I've decided that listening in Kiswahili conversation is a bit like reading Joyce: if you sort of let it wash over you, not focusing directly, you can convince yourself that you're really getting the gist of it. Of course, like Joyce, there's no guarantee that you actually are understanding anything. (My brother tells me Ulysses is also more comprehensible three drinks in. Maybe I'll try a few bias (just say it aloud) here.)
Today, 10 days after arriving, was my first real day of work. We began with a few more government offices, seeking signatures. Tanzanian officials seem to have similar taste in office decor: long, imposing tables (which they can sit at the head of), sumptuous red carpet, and a TV that is not switched off with the presence of visitors. Despite the Chamwino director's chiding that we should've known better than to ask a busy district like his to lend us his only car, we somehow ended up in a somewhat dilapidated government SUV within the hour, heading to the sun-baked terrain of Chamwino, 30 km away.
It's so, so dry out there.
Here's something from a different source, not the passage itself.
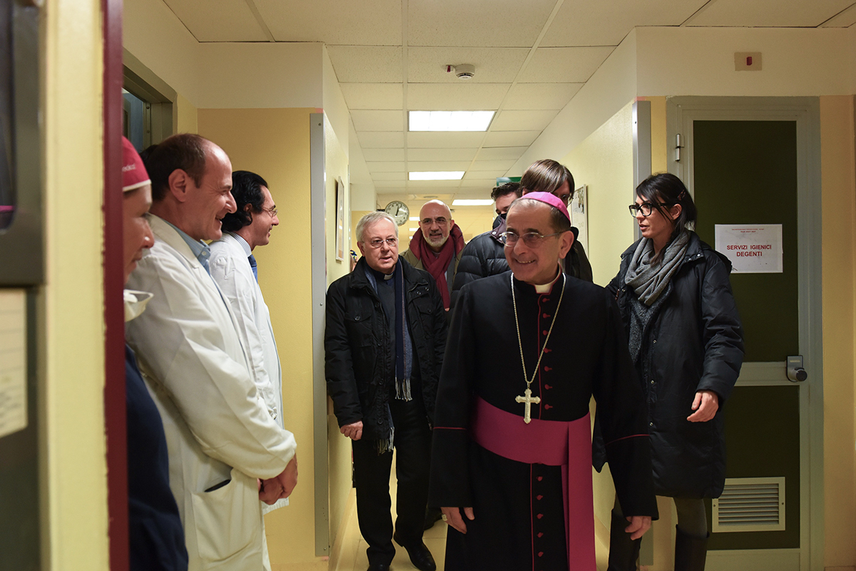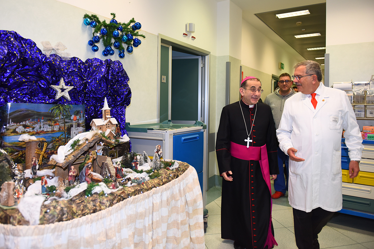 Come ormai tradizione, nei giorni immediatamente precedenti al Natale e per ricordare la Solennità dei Santi Innocenti Martiri (28 dicembre), l’Arcivescovo visita la Fondazione Ca’ Granda Ospedale Maggiore Policlinico, Irccs di cui fa parte la Clinica Mangiagalli. Accolto e accompagnato dai Cappellani, dal presidente della Fondazione Marco Giachetti, da medici e personale, si reca in alcuni reparti, intrattenendosi al Padiglione Litta della Dialisi, al “Cesarina Riva” (urologia e trapianti), al “Croff” (nefrologia e trapianti) e, infine, alla Clinica De Marchi, presso le camere della dialisi pediatrica: 940 i posti-letto, in totale, del Policlicnico, un terzo dei quali è destinato ai reparti materni-infantili.

Very few trees, all scraggly. The soil is basically sand. It's hard to imagine how anything edible/sellable could grow there in a good year, and this has been a famine year; crops are not coming through now, in the harvest time, and the heath workers told us of parents coming to ask for food at the health dispensaries. (The health dispensaries are armed with "Corn Soya Blend" flour from the World Food Bank - thanks, US corn subsidies! - but it's supposed to be only for pregnant women and kids under 5. This year, kids over 5 don't have enough food either.)
Our first visit was to the main Chamwino Health Center, right in the middle of the town's main (sand) road. I actually found it more welcoming and reassuring than Dodoma's hospital - at least the roof was open in the middle of the building to let in sunlight. Lining the sun-filled space, shoulder to shoulder, were dozens of quiet, very young-looking moms, each sporting a bundled infant. (Tanzanians here seem to be really convinced that it's cold, at maybe 70 F. Victor went out to buy a coat last night and wore it all today, and many of the moms had their babies thoroughly wrapped in socks, hats, and thick blankets. All relative, I guess.) We took a tour of the wards to start off with, appreciating the new lab that lets them test for malaria, HIV, syphillis - all services newly available in the past few years. The wards were very clean, everyone commented, and I appreciated the nets that hung over every bed. We actually only saw two inpatients - a hilariously cute sleeping baby in the pediatric ward, and a alarmingly tiny female figure in the maternity ward, buried motionless under her kanga.
Our research "focus group" was conducted in the corner of the waiting area, with whatever 12 moms happened to be closest - I think subject selection is going to be a little more lax in our study. Probably other research aspects as well; sorry, stats professor Dr. Smith. Victor held court, trying to coax answers out of the women, but they weren't particularly forthcoming. (I think part of it must be attributed to the fact that Victor is 1) male, and 2) older than all of them, in a culture where both those qualities bestow power. But there's no fixing that, really.) I did my best to follow the conversation by reading Victor's English notes and occasionally adding a small side question for him to throw out to the group in Swahili. I think of myself as the Teller to his Penn...although that would imply I had skills of my own. That remains to be seen. Though I think I did add some good questions today (Why don't men accompany their wives to antenatal clinic? Time issues? Cultural? One woman suggested a fear of HIV testing, which I thought interesting). Over the course of our visit, I saw a total of 3 men in a clinic meant for general healthcare and with about 60+ patients waiting. Health care doesn't seem to be appealing to the male sector so well.
Upon exiting the clinic, our driver told us right away that Michael Jackson had died. Poor fellow. But still, for one's death to be mourned by the variety of people in our group today - that's true fame.
We continued with interviews at the local village government building and at a local dispensary, the latter of which occupies the lowest, most basic unit of the Tanzanian health system. (The dispensary interview became particularly noteworthy when a posse of drumming, whistling, ululating women went trotting by the office window - the nurses told us they were celebrating the circumcision of the new village baby boys. Looked exciting.)
My main tasks, besides shaking a lot of hands and apologizing for my bad Swahili, seem to be manning the computer aspect of data keeping (Victor can't open his own email) and surveying the clinics and dispensaries to see whether they have certain essental medical tools and drugs. I did my best to scan the WHO website and then narrow our list down to about 30 basic things; hopefully Geneva won't get too mad about my cuts. It's interesting to see what different sites have and don't have; the dispensary today, for example, had deprovera shots available, but didn't own a speculum.
I've eaten more bananas in the past 48 hours than I have in the previous whole of 2009. My potassium levels must be fabulous.